Problem details » If pictures are present, leave them out, and copy the data word for word.

Collected data »
* * *

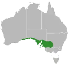 The Aprasia species are noted as one of the most divergent genera from the Pygopodidae family.[3] The Mallee worm-lizard (Aprasia inaurita) is a part of the Aprasia genus which is predominately found in Southern Australia, with the Mallee worm-lizard itself being distributed across a narrow band which stretches from the southeast of Western Australia, across southern South Australia, the northwest corner of Victoria and southwestern New South Wales.[7] The IBRA (Interim Biogeographic Regionalisation for Australia) regions that the Mallee worm-lizard occurs in NSW are the Murray Darling Depression and Riverina regions, with 8% occurrence across New South Wales’ reserves.[2] More specifically, the Mallee worm-lizard has been discovered through the Mallee region between Balranald and Gol Gol with centralised recordings of the Mallee worm-lizard in the Mallee Cliffs National Park area.[2][5] Recordings of the Mallee worm-lizard have also been found in the central mallee region around Pulletop and Gubbata Nature Reserves and around the Scotia Mallee area.[2]
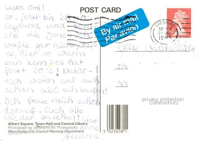 Manchester_GB Albert Square Town Hall and Central Library aerial view postalisch gelaufen 1985 Erhaltung siehe scans [FriedD77] Frierer
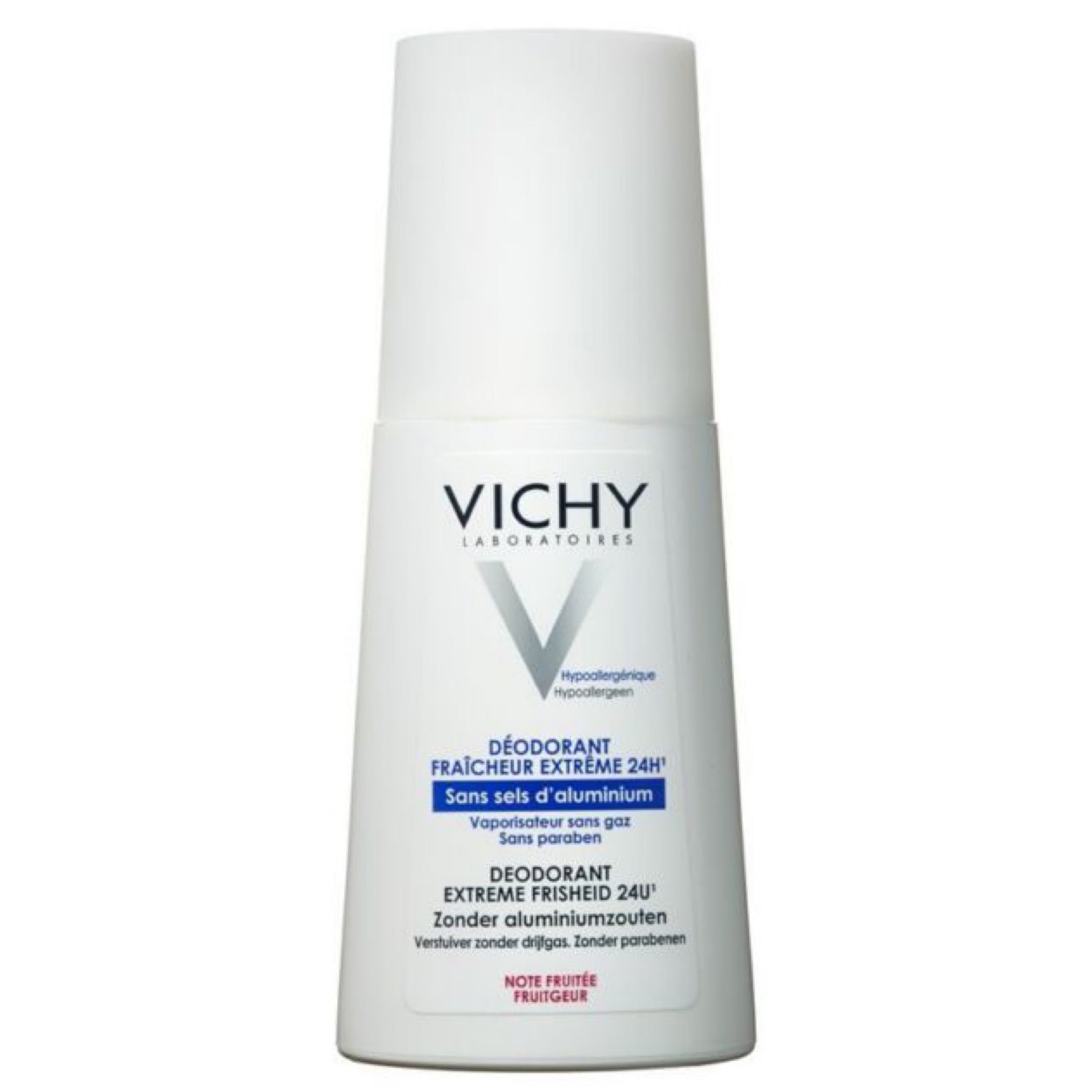 Vichy Extreme Freshness Deodorant 100ml is an anti-odour deodorant, ultra fresh acting until 24 hours.After application, it leaves no white marks on the skin and leaves a pleasant and light perfume of red fruits on the skinFree from aluminum salts. Hypoallergenic.

* * *

Reply »
 The Aprasia species are noted as one of the most divergent genera from the Pygopodidae family.[3] The Mallee worm-lizard (Aprasia inaurita) is a part of the Aprasia genus which is predominately found in Southern Australia, with the Mallee worm-lizard itself being distributed across a narrow band which stretches from the southeast of Western Australia, across southern South Australia, the northwest corner of Victoria and southwestern New South Wales.[7] The IBRA (Interim Biogeographic Regionalisation for Australia) regions that the Mallee worm-lizard occurs in NSW are the Murray Darling Depression and Riverina regions, with 8% occurrence across New South Wales’ reserves.[2] More specifically, the Mallee worm-lizard has been discovered through the Mallee region between Balranald and Gol Gol with centralised recordings of the Mallee worm-lizard in the Mallee Cliffs National Park area.[2][5] Recordings of the Mallee worm-lizard have also been found in the central mallee region around Pulletop and Gubbata Nature Reserves and around the Scotia Mallee area.[2]
 Manchester_GB Albert Square Town Hall and Central Library aerial view postalisch gelaufen 1985 Erhaltung siehe scans [FriedD77] Frierer
 Vichy Extreme Freshness Deodorant 100ml is an anti-odour deodorant, ultra fresh acting until 24 hours.After application, it leaves no white marks on the skin and leaves a pleasant and light perfume of red fruits on the skinFree from aluminum salts. Hypoallergenic.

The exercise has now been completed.